Adv Balikpapan Berau Berita Kontrak Bulungan Catatan Daerah Event Film & Drama Gadget Hukum & Kriminal Kaltara Kaltim Kesehatan Lapsus Malinau Nasional Nunukan Olahraga Opini Pemerintahan Pola Hidup Politik Radar Nusantara Selebritis Tana Tidung Tarakan Teknologi Wisata & Kuliner Zodiak

Buaya Muncul Saat Banjir, Jadi Objek Hiburan

Muhammad Erwinsyah • Rabu, 27 Januari 2021 | 12:36 WIB
buaya-muncul-saat-banjir-jadi-objek-hiburan
buaya-muncul-saat-banjir-jadi-objek-hiburan

NUNUKAN – Keberadaan buaya yang kerap muncul di saat banjir di Kecamatan Sembakung, ternyata sudah menjadi hal lumrah. Bahkan, menjadi hiburan masyarakat Sembakung.


Itu diungkapkan Kepala Desa Atap, Kecamatan Sembakung, Syahrial saat dikonfirmasi perkembangan banjir di desanya yang paling terdampak banjir. Soal banjir, air sudah sempat surut, namun ketinggian air kembali hingga 3 meter lebih.


“Sudah biasa itu, orang Sembakung tidak terlalu takut dengan kehadiran mereka, apalagi buaya sungai Sembakung di sini, tidak usah ditanyalah, banyak sekali,” ujar Syahrial.


Bahkan karena sudah terbiasa dengan buaya, masyarakat terkadang menjadikannya hiburan untuk sekadar berfoto dengan buaya. Buaya jika tidak diganggu keberadaannya, dipastikan tidak akan mengganggu manusia meski hidup berdampingan.  “Kalau kejadian orang kecelakaan karena buaya itu, karena kelalaian nelayan yang biasa menangkap ikan menggunakan setrum. Buaya terkadang ikut kena setrum, buaya jadi marah, buaya itu kan pendendam, apalagi masih banyak yang percaya buaya itu asalnya dari manusia,” beber Syahrial.


Sementara itu, Kasubdit Kedaruratan BPBD Nunukan, Hasan saat ditanya soal keberadaan buaya di Sembakung, membenarkannya. Buaya memang sering bermunculan di pinggiran sungai bahkan tak jarang buaya memasuki pemukiman masyarakat.


“Mereka (warga Sembakung) mengaku sudah biasa terjadi, naik buaya itu sebenarnya bukan karena banjir saja, tapi memang sudah sering, apalagi banjir, bisa sering bermunculan. Kalau kita tetap mengimbau mereka untuk selalu berhati-hati, apalagi jika buaya kelihatan muncul, usahakan jangan keluar rumah, kami selalu imbau ke masyarakat,” kata Hasan mengakui.
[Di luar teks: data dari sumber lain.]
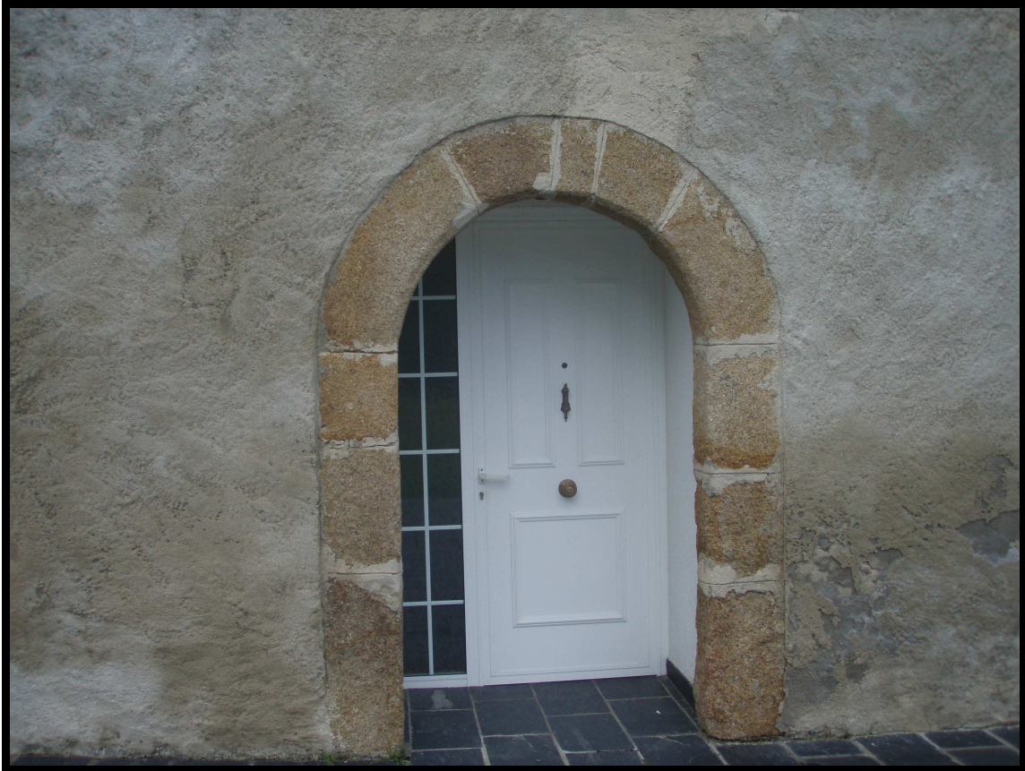
ARCO DE MEDIO PUNTO DUNHA PORTA DE ENTRADA

As fiestras e as portas son rectangulares e están rodeadas de molduras. Dúas portas están enmarcadas con xambas e arcos de medio punto feitos con pedra de granito .

Sementara soal tanggap darurat bencana banjir Sembakung sudah berakhir sejak Senin (25/1) kemarin. Semua logistik bantuan juga telah disuplai ke Sembakung seperti 12 kilogram beras yang sudah disalurkan ke masing-masing warga yang terdampak.


Sementara untuk perkembangan tinggi air, hingga pukul 08.00 WITA, Selasa (26/1) ketinggian air di Sembakung masih berada di tinggi 3,4 meter. Meski begitu, sejatinya air tetap akan perlahan turun. Bahkan air sudah pernah surut di ketinggian 2,1 meter. (raw/lim)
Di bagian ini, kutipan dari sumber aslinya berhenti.